POST /webhook/test (mock mode only)

Triggers the provisioning workflow directly without a real Event Grid event. Only available when VENDING_MOCK_MODE=true.

Request body

{
  "subscription_id": "00000000-0000-0000-0000-000000000001",
  "subscription_name": "my-test-subscription",
  "management_group_id": "ITL-Development",
  "dry_run": false
}
Field Type Required Default Description
subscription_id string Yes Subscription ID to provision
subscription_name string No mock-subscription Display name
management_group_id string No "" Target management group (overridden by subscription tags)
dry_run boolean No false When true, log what would happen without making any Azure calls or outbound HTTP requests

Response 200 OK

{
  "status": "ok",
  "message": "...",
  "subscription_id": "00000000-0000-0000-0000-000000000001"
}

status is "error" if the provisioning workflow returned any errors.

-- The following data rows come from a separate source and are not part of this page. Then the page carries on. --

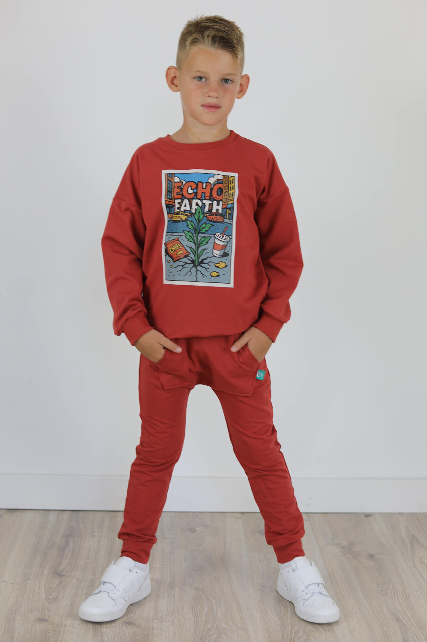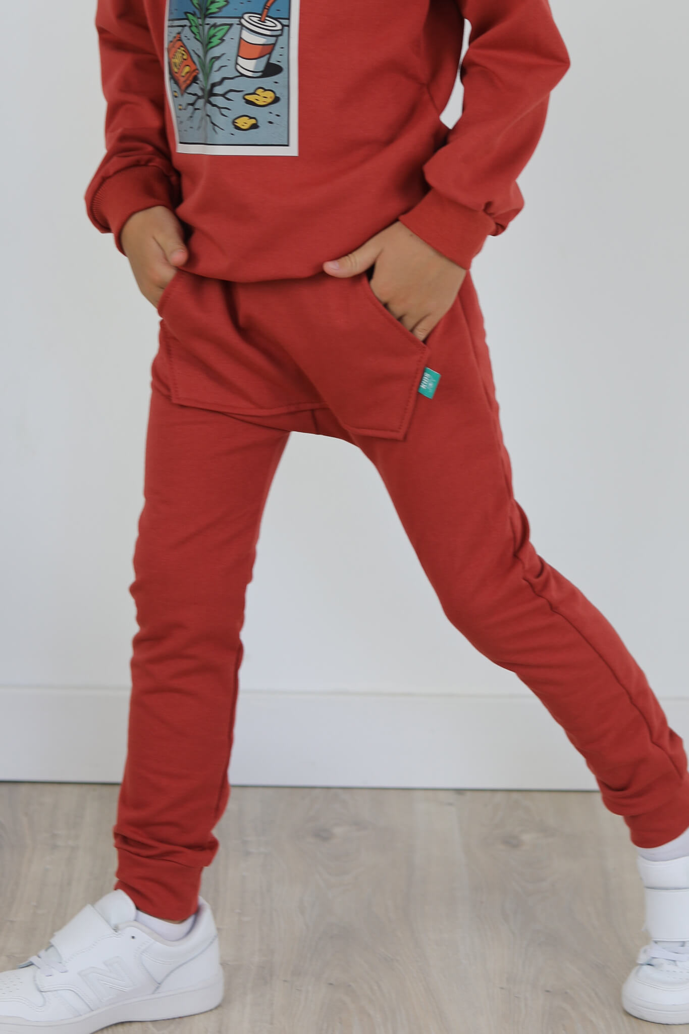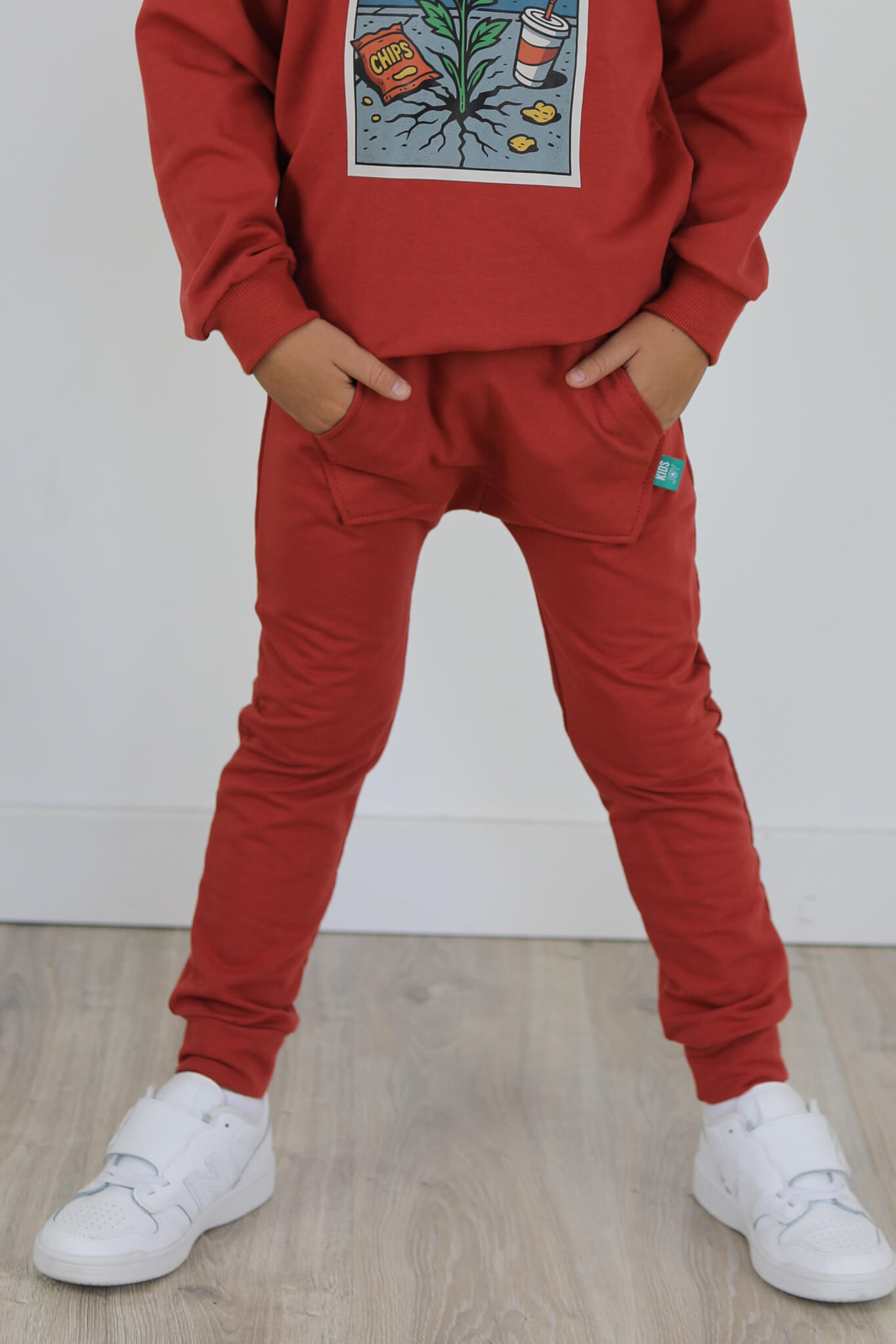 Spodnie BAGGY duża kieszeń czerwona ziemia S32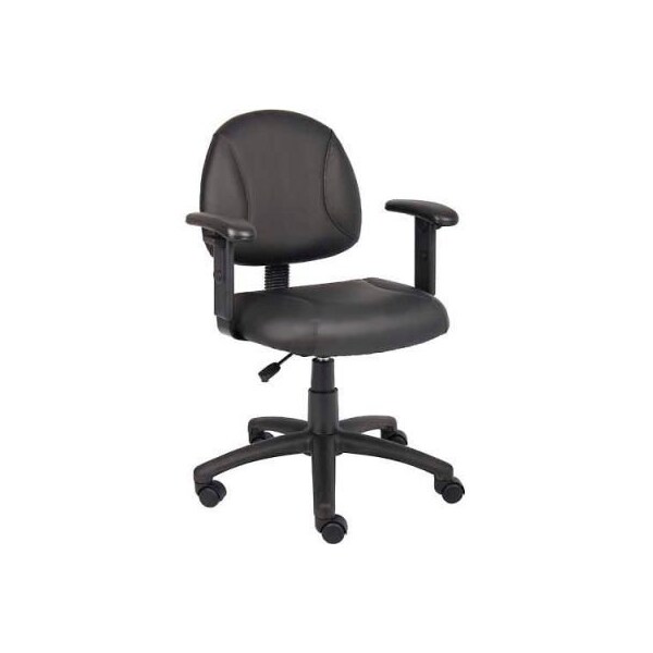 Boss black posture chair with adjustable arms beautifully upholstered in leatherplus. Leatherplus is leather that has been infused with polyurethane for added softness and durability. Thick padded seat and back with built-in lumbar support. Waterfall seat reduces stress to your legs. Adjustable depth back. Pneumatic seat height adjustment. 5 star nylon base allows smooth movement and stability. Hooded double wheel casters. With adjustable arms.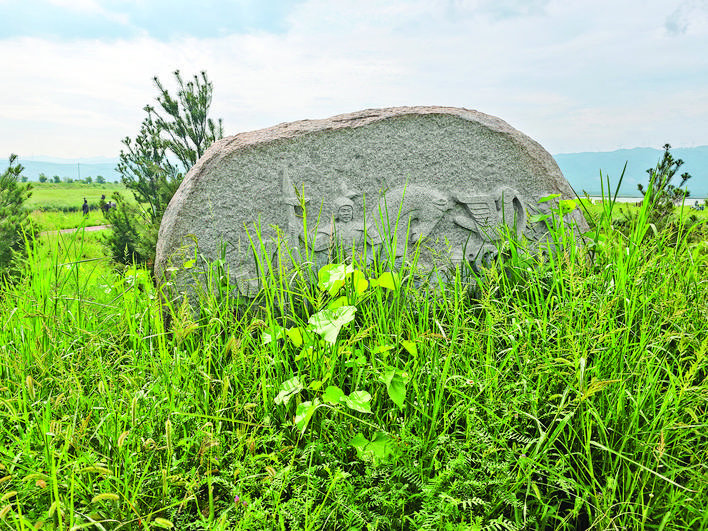 ▲河东成语典故园“结草衔环”雕塑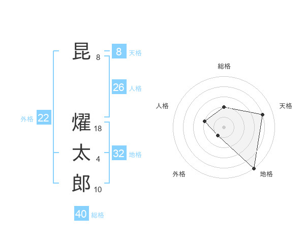 昆 燿太郎さんを姓名の画数から五運を鑑定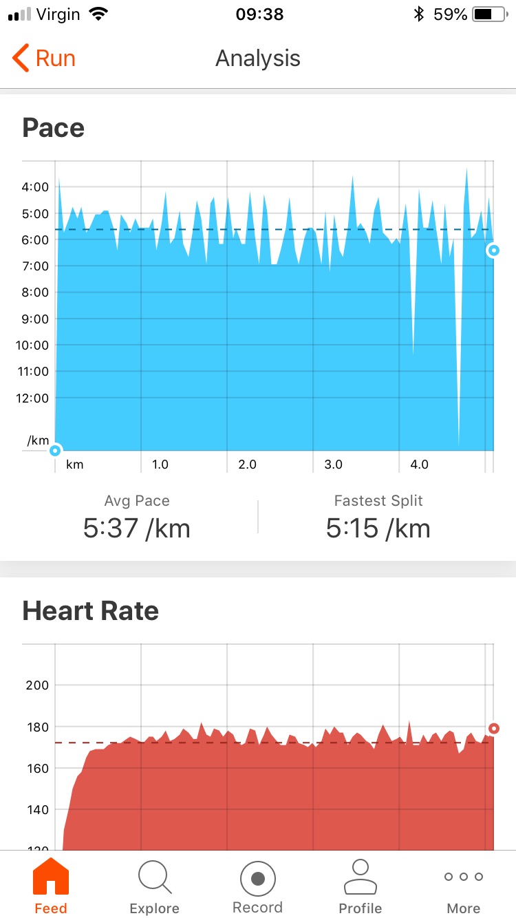 Today’s run I sort of did fartlek training, I ran 1k warm up then I randomly sprinted (or at least ran fairly fast) for 2 lampposts then slowly jogged recovery for 2. I carried on doing this for pretty much the whole 5k.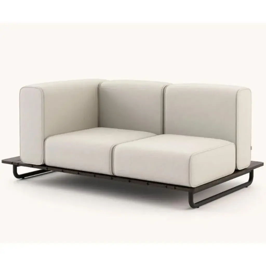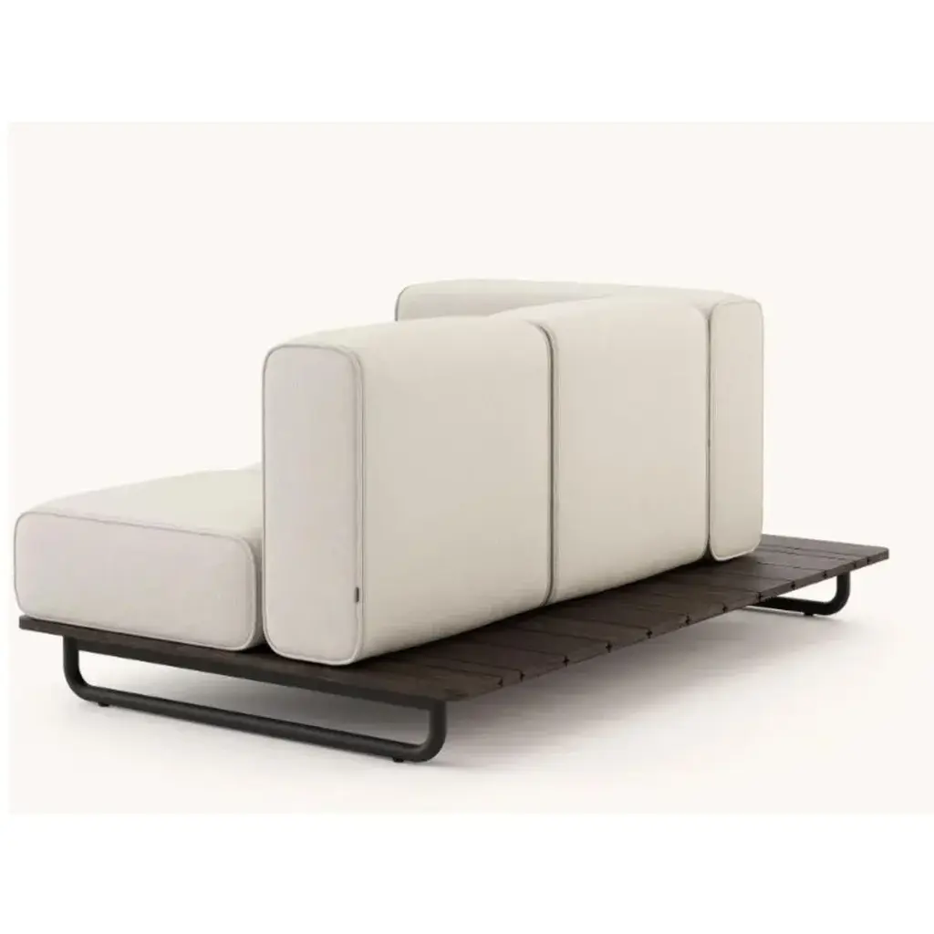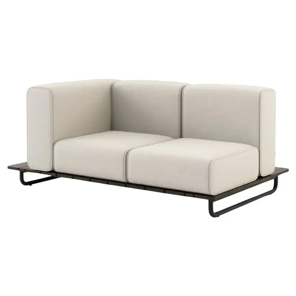 Copacabana sofa with 1 arm right by Domkapa Materials: black texturized steel, bamboo wood, fabric (Rhine Ice). Dimensions: W 165 x D 105 x H 75 cm. Also available in different materials. Copacabana sofa with or without armrest is an exclusive piece for those who love spending quality time together with friends outdoor. Domkapa holds a tremendous passion for detailed stitching, presenting several similarities to the haute-couture philosophy focused on the value of a “made by hand”.

When dry_run was true, all Azure mutations are skipped and only log output is produced.


Configuration

GET /config

Returns the active service configuration with all secret fields redacted. Useful for verifying which settings are active without exposing credentials.

The fields azure_client_secret, worker_secret, and event_grid_sas_key are replaced with "***" when non-empty.

Response 200 OK

{
  "azure_tenant_id": "00000000-0000-0000-0000-000000000001",
  "azure_client_id": "my-client-id",
  "azure_client_secret": "***",
  "retry_strategy": "queue",
  "provisioning_queue_name": "vending-jobs",
  "provisioning_dlq_name": "vending-jobs-dlq",
  "worker_secret": "***",
  "event_grid_sas_key": "***",
  "mock_mode": false
}

Jobs API

The /jobs/* endpoints provide visibility into the Azure Storage Queue used by the queue retry strategy. They are always registered but are most useful when VENDING_RETRY_STRATEGY=queue.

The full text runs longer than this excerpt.